Monday, Oct. 26, 1970

Sound Sleeper

By Stefan Kanfer

Like Easy Rider and Five Easy Pieces before it, Goin' Down the Road is one of the new "road" films in which a stretch of asphalt provides the metaphoric core. Pete (Doug McGrath) and his pal Joey (Paul Bradley) are two wistful roustabouts from the Canadian Maritime Provinces. With 30 bucks and an abused Chevrolet labeled "My Nova Scotia Home," they pick up and head for Toronto.

It is only a question of time before the yokels discover the rottenness of the Big Apple. Unskilled and inarticulate, they dream of opportunity, but the only jobs they can pick up are loading crates for $80 a week. The only girls they can pick up are either imbecilic or overeager--so much so that Joey gets one pregnant and marries her in a seizure of romantic guilt. The jobs evaporate; to survive, the trio becomes a menage a trois. The bad luck persists with the tenacity of winter. Tn lunatic desperation, the men commit a petty crime that escalates into violence. The only way out is the way west, and once again the Nova Scotia Home consumes the miles.

In spirit. Goin' Down the Road is closer to the intimacies of Marty than to the paranoid swagger of Easy Rider. It is weakest when its score laments "just another victim of the rainbow." It is persuasive and forceful when it studies the social pathology of urban outpatients, men who chivy and moon, boasting of the rural splendors that they once fled, dreaming of the Big Strike, and buying color television sets on time.

Canadian Director Donald Shebib, who made the film on the minute budget of $82,000, has a sense of place that is as certain as his sense of mood and character. The metallic touch of downtown and the dolor of the provinces are both conveyed with an empathy that requires no comment. If there are fewer dramatic crescendos, there are even fewer false notes. If there are crudities of editing, there is a delicate palette of local color. Like the scene from a window, the view is curtailed and cornered, but within the frame it is unblinking and whole.
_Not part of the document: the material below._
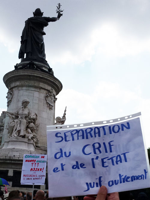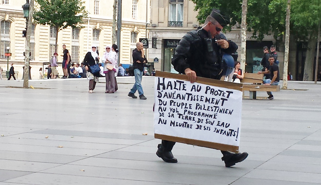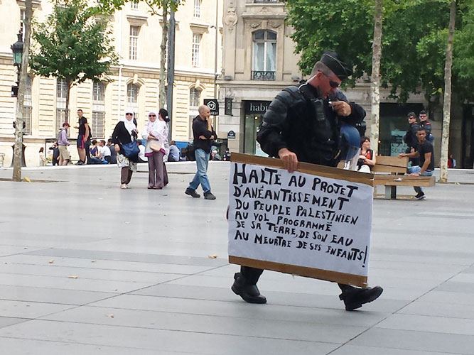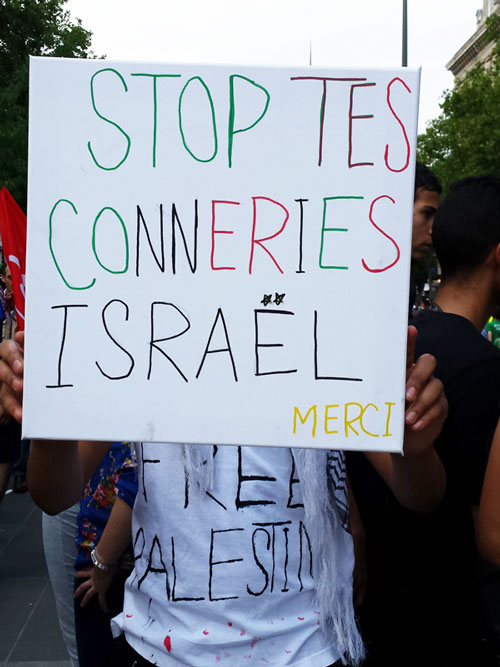 Malgré l’interdiction des pouvoirs publics, ils ont encore été des milliers à manifester en faveur de Gaza, place de la République à Paris ce samedi. Et à nouveau, ils avaient des messages à porter. Portfolio.

Canadian film has become a connoisseur's delight. But like its best actresses--Genevieve Bujold, Joanna Shimkus, Margot Kidder--it can no longer be contained at the border. If Shebib can make a polished sleeper for less than one-twentieth the cost of, say, Getting Straight, what could he do with $2,000,000? If there is any justice in the film world (or any astute Hollywood money), the answer to that question should be forthcoming soon.